我如何能最好地猜测编码时的BOM(字节顺序标记)丢失?字节、标记、顺序、BOM

2023-09-10 22:43:50 作者:渺小的秘密

我的程序必须读取使用各种编码的文件。他们可能是ANSI,UTF-8或UTF-16(或大或小端)。

My program has to read files that use various encodings. They may be ANSI, UTF-8 or UTF-16 (big or little endian).

在BOM(字节顺序标记)是有的,我没有问题。我知道,如果该文件是UTF-8或UTF-16 BE或LE。

When the BOM (Byte Order Mark) is there, I have no problem. I know if the file is UTF-8 or UTF-16 BE or LE.

我想假设当时没有BOM该文件是ANSI。但我发现,这些文件我处理往往缺少他们的BOM。因此,任何的BOM可能意味着该文件是ANSI,UTF-8,UTF-16 BE或LE。

I wanted to assume when there was no BOM that the file was ANSI. But I have found that the files I am dealing with often are missing their BOM. Therefore no BOM may mean that the file is ANSI, UTF-8, UTF-16 BE or LE.

在文件没有BOM,这将是扫描某些文件的最佳途径和最准确地猜测编码类型?我想是对的接近100%的时间,如果该文件是ANSI,并在高90的,如果它是一个UTF格式。

When the file has no BOM, what would be the best way to scan some of the file and most accurately guess the type of encoding? I'd like to be right close to 100% of the time if the file is ANSI and in the high 90's if it is a UTF format.

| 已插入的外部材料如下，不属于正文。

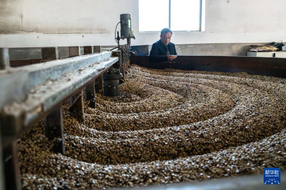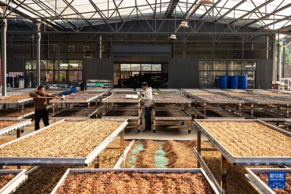 1月22日,咖農(nóng)在臨滄市臨翔區(qū)圈內(nèi)鄉(xiāng)云佳咖啡莊園查看咖啡豆處理情況。新華社記者 高詠薇 攝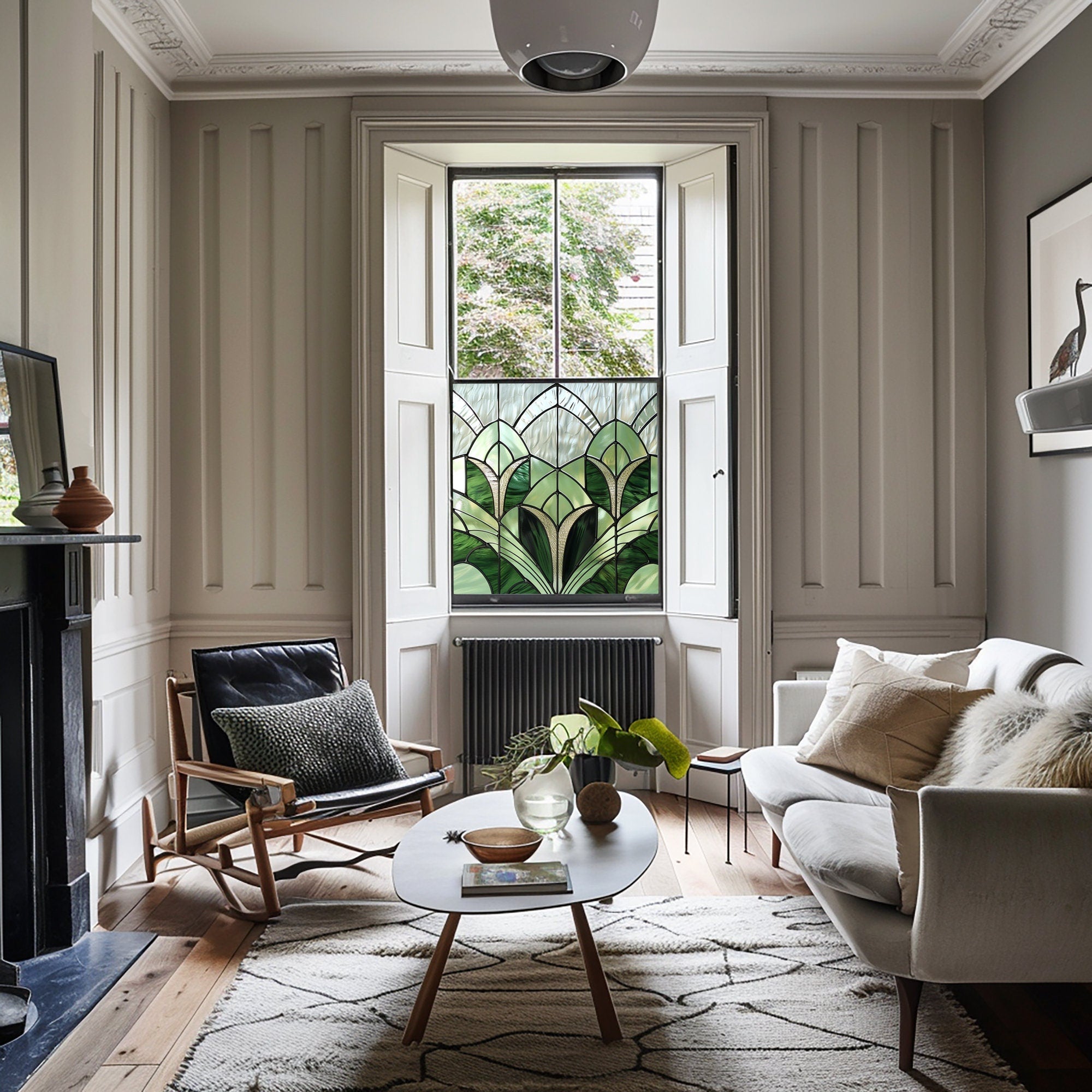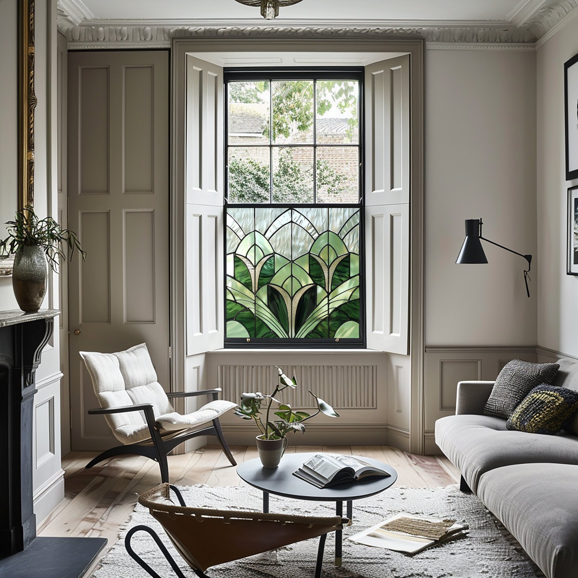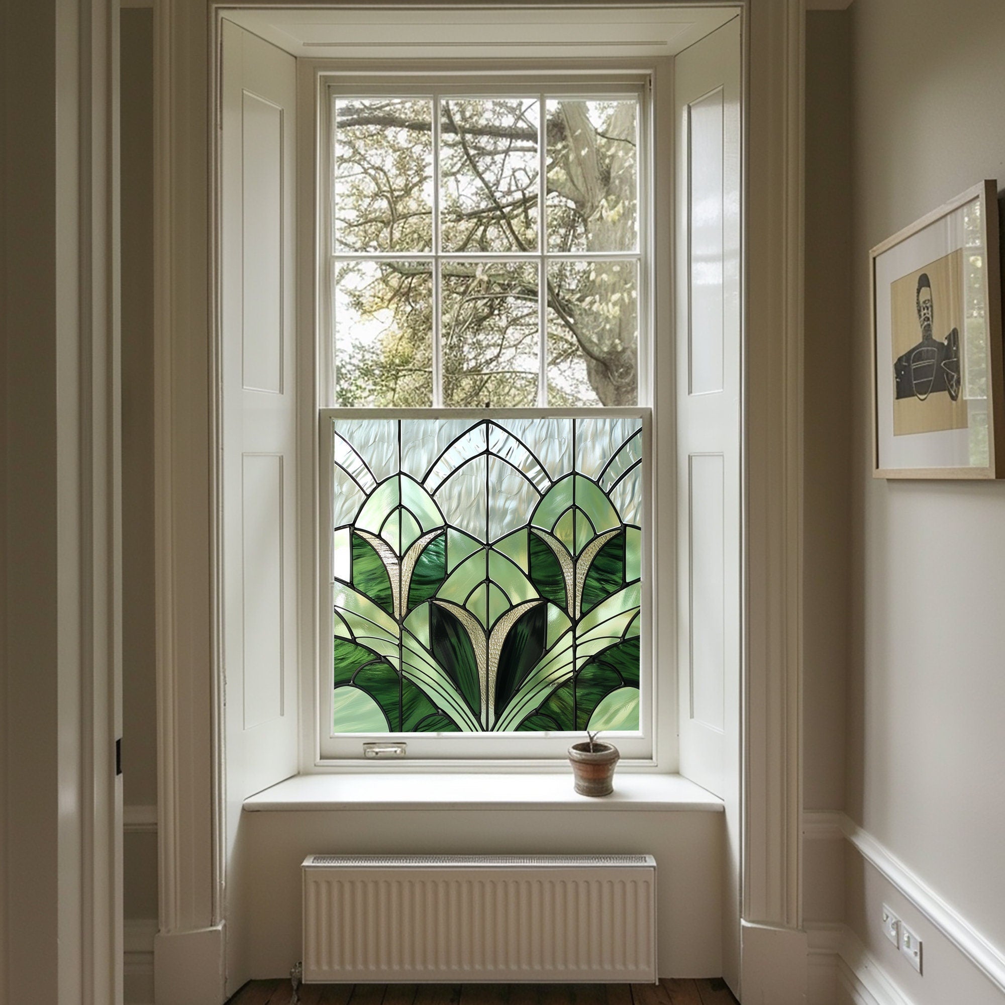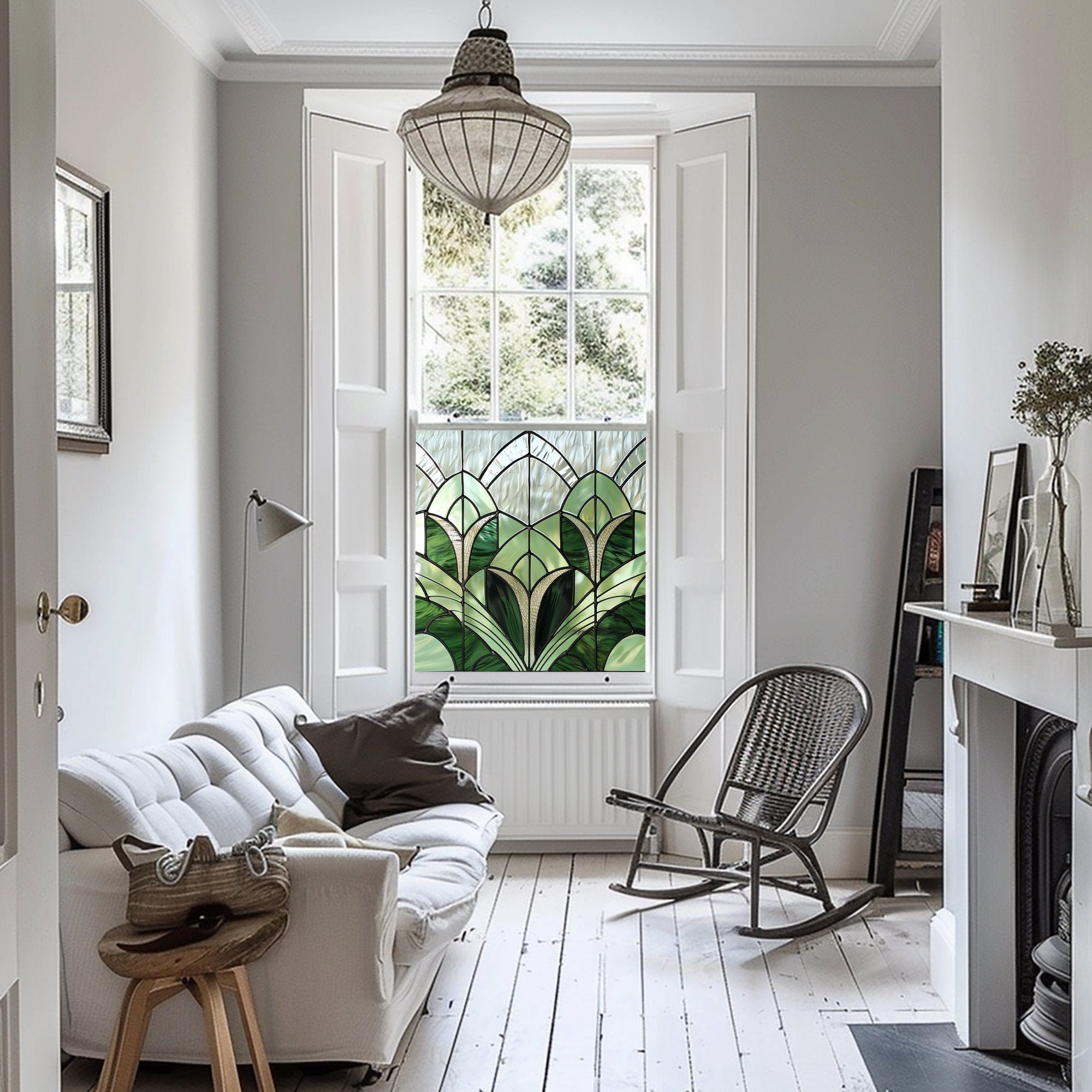Artena Stained Glass Privacy Window Film is designed to transform your windows into stunning works of art. By mimicking the intricate designs of traditional stained glass, this film not only adds beauty to your space but also enhances your privacy. The vibrant green hues work effectively to filter sunlight, providing an inviting atmosphere while allowing natural light to brighten the room. Therefore, you can enjoy your home without compromising on style or privacy.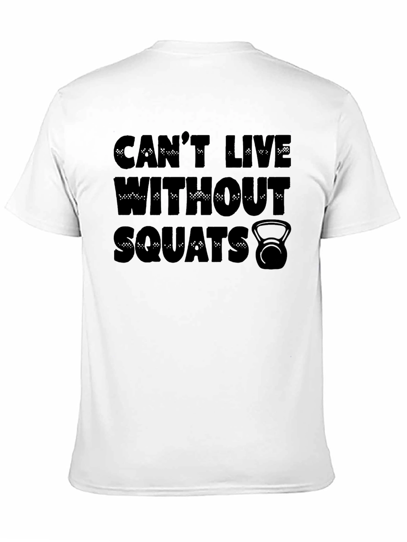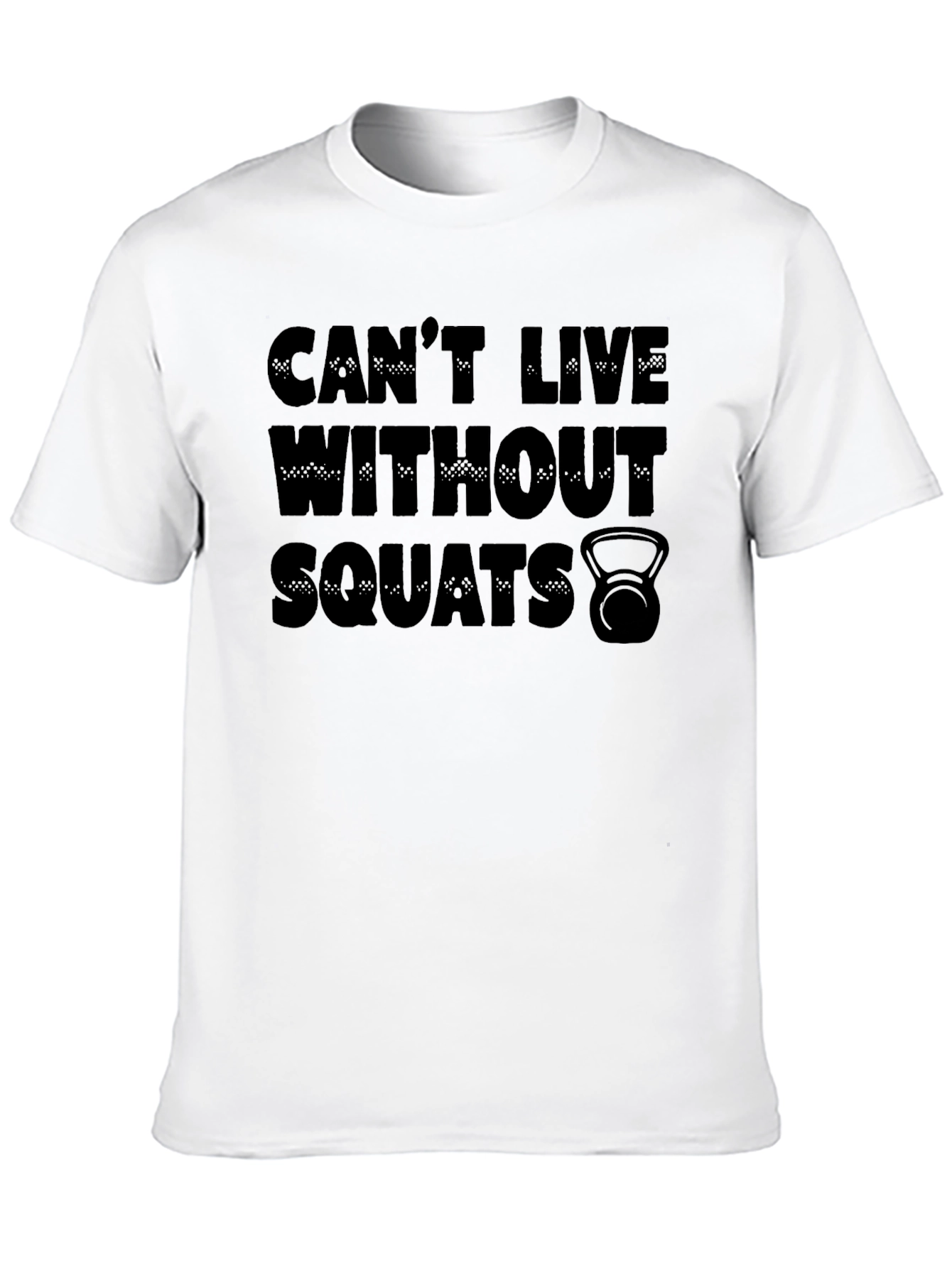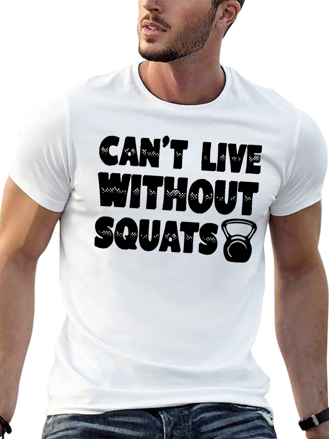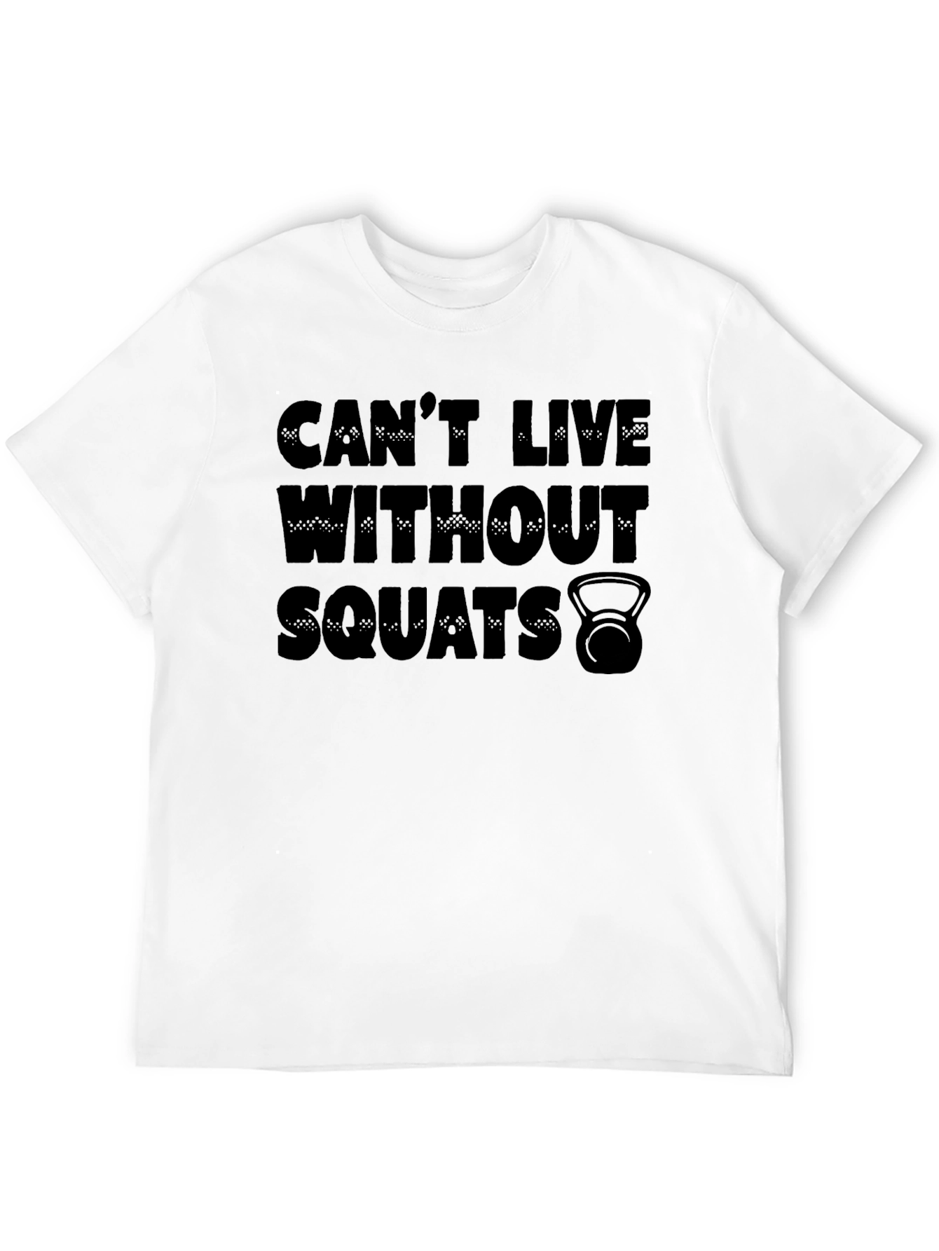 Luce tu pasión por el fitness con esta camiseta negra de corte clásico. Fabricada en un tejido que parece de algodón suave y cómodo, esta camiseta presenta un diseño llamativo con la frase "CAN'T LIVE WITHOUT SQUATS" estampada en letras grandes y negritas, junto con el dibujo de una pesa rusa. Perfecta para llevar al gimnasio, para tus entrenamientos de pierna o simplemente para mostrar tu amor por el levantamiento de pesas en tu día a día. Su estilo sencillo la hace versátil para combinar con cualquier atuendo casual. ¡Una prenda imprescindible para los amantes del fitness!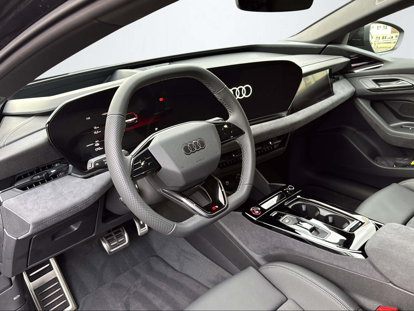 Serienausstattung ASSP+ 3 Jahr / 100'000 km Reparatur - Service bis 100'000 km / 10 Jahre Adaptiver Geschwindigkeitsassistent Airbag Fahrer und Beifahrerseite Airbgas vorne, Beifahrerairbag deaktivierbar Akustikverglasung für Türscheiben vorne Akustisches Fahrzeug-Warnsystem Aluräder 8,0J|8,5Jx19, 5-Arm-Dynamik, platingrau, Reifen 225/55|245/50 19R Assistenzpaket Fahren und Parken Audi Lane Assist (Spurverlassenswarnung) Audi Parking System plus mit Umgebungsanzeige Audi connect Navigation & Infotainment Audi connect Notruf & Service Audi connect Notruf & Service mit Audi connect Remote & Control Audi drive select (Fahrzeugcharakteristik) Audi smartphone interface Audi virtual cockpit plus Aufmerksamkeits- und Müdigkeitserkennung Aussenspiegel automatisch abblendbar Aussenspiegel elektrisch einstell-, beheiz- und anklappbar, beidseitig automatisch abblendend Aussenspiegel elektrisch verstellbar/ heizbar und anklappbar Aussenspiegelgehäuse in Wagenfarbe Ausweichassistent und Abbiegeassistent Automatisch abblendbarer Innenspiegel Automatische Umluftregelung Dachhimmel Stoff, Farbe spezifisch Dekoreinlagen Aluminium matt gebürstet anthrazit Details siehe gültige Preisliste des Importeurs Doppelspeichen-Lederlenkrad mit Multifunktion Einparkhilfe plus mit Distanzanzeige Einstiegleisten mit Aluminiumeinlage vorn Elektrische Luftzusatzheizung Fensterzierleisten Aluminiumoptik Fussmatten vorne und hinten Gepäckraumklappe elektrisch öffnend und schliessend Innenspiegel automatisch abblendend Instrumententafel-Oberseite schwarz mit Kontrastnaht Interieurelemente oben und unten in Kunstleder Kamerabasierte Verkehrszeichenerkennung Keine Gewähr auf die Angaben der Serienausstattungen Kindersitzbefestigung i-Size auf der Beifahrerseite und i-Size und Top Tether auf den äußeren Fondsitzen Komfort Klimaautomatik 3-Zonen Komfortklimaautomatik 3-Zonen Ladekabel Mode3 Typ2 3 32A Ladeleistung bis 270 kW (DC) Leichtmetallräder 19" 5-Arm Lendenwirbelstützen elektr. für Vordersitze Lenkrad mit Applikation in Chromoptik Lenkradeinstellung manuell Mit Speedlimiter (LIM), mit Intelligent Speed Assist (ISA) Modellkennzeichnung am Heck On-board-Ladegerät bis 11 kW (AC) Projektionsleuchten in den Aussenspiegel Querverkehrsassistent vorn Reifendruck-Kontrollanzeige Rücksitzbank ungeteilt, Lehne geteilt umlegbar (dreiteilig) mit Mittelarmlehne Scheinwerfer Reinigungsanlage Scheinwerferreinigungsanlage Seitenairbag Fahrer und Beifahrerseite Seitenairbags vorn mit Kopfairbagsystem und Interaktionsairbag vorn Seitliches Kopfairbagsystem SIDEGUARD Sitzheizung für Vordersitze Tagesfahrlicht mit Assistenzfahrlicht u. Coming- und Leaving-home Funktion automatisch Telefonablage mit induktiver Ladefunktion USB-Anschlüsse mit Ladefunktion im Fond Verbandmaterial, Warndreieck und Warnweste Vorbereitung Navigationsgerät-High für FOD Funktion Vorbereitung für Anhängevorrichtung Vorbereitung für intelligente Ladefunktionen Vordersitze manuell einstellbar Wegfahrsperre elektronisch Wärmeschutz- und Akustiverglasung Frontscheiben

我在寻找一个通用的算法的方式来确定这一点。但我实际使用德尔福2009年它知道的Uni code和具有TEncoding类,所以一些具体的事情来,这将是一个奖金。

I'm looking for a generic algorithmic way to determine this. But I actually use Delphi 2009 which knows Unicode and has a TEncoding class, so something specific to that would be a bonus.

答:

ShreevatsaR的回答使我在谷歌搜索的通用编码探测器德尔福,它具有这个职位在#1位置列出活着只有约45分钟后让我大吃一惊!这是快速googlebotting!而且还令人惊讶的是#1进入第一名这么快。

ShreevatsaR's answer led me to search on Google for "universal encoding detector delphi" which surprised me in having this post listed in #1 position after being alive for only about 45 minutes! That is fast googlebotting!! And also amazing that Stackoverflow gets into 1st place so quickly.

在谷歌第二项是在字符编码检测上市算法在不同的语言。

The 2nd entry in Google was a blog entry by Fred Eaker on Character encoding detection that listed algorithms in various languages.

我发现网页上提到德尔福,它使我直接到的免费开源ChsDet字符集探测器在SourceForge 的写在Delphi和基于Mozilla的i18n的组成部分。

I found the mention of Delphi on that page, and it led me straight to the Free OpenSource ChsDet Charset Detector at SourceForge written in Delphi and based on Mozilla's i18n component.

太棒了!谢谢所有谁回答(所有+1),谢谢ShreevatsaR,并再次感谢你#1,帮我找到我的答案,在不到一个小时!

Fantastic! Thank you all those who answered (all +1), thank you ShreevatsaR, and thank you again Stackoverflow, for helping me find my answer in less than an hour!

推荐答案

也许你可以掏出来使用 chardet的Python脚本:通用编码探测器。这是所使用的Firefox中的字符编码​​检测的重新实现,并使用许多不同的应用的。相关链接: Mozilla的code ,的short解释,的详细的说明。

Maybe you can shell out to a Python script that uses Chardet: Universal Encoding Detector. It is a reimplementation of the character encoding detection that used by Firefox, and is used by many different applications. Useful links: Mozilla's code, research paper it was based on (ironically, my Firefox fails to correctly detect the encoding of that page), short explanation, detailed explanation.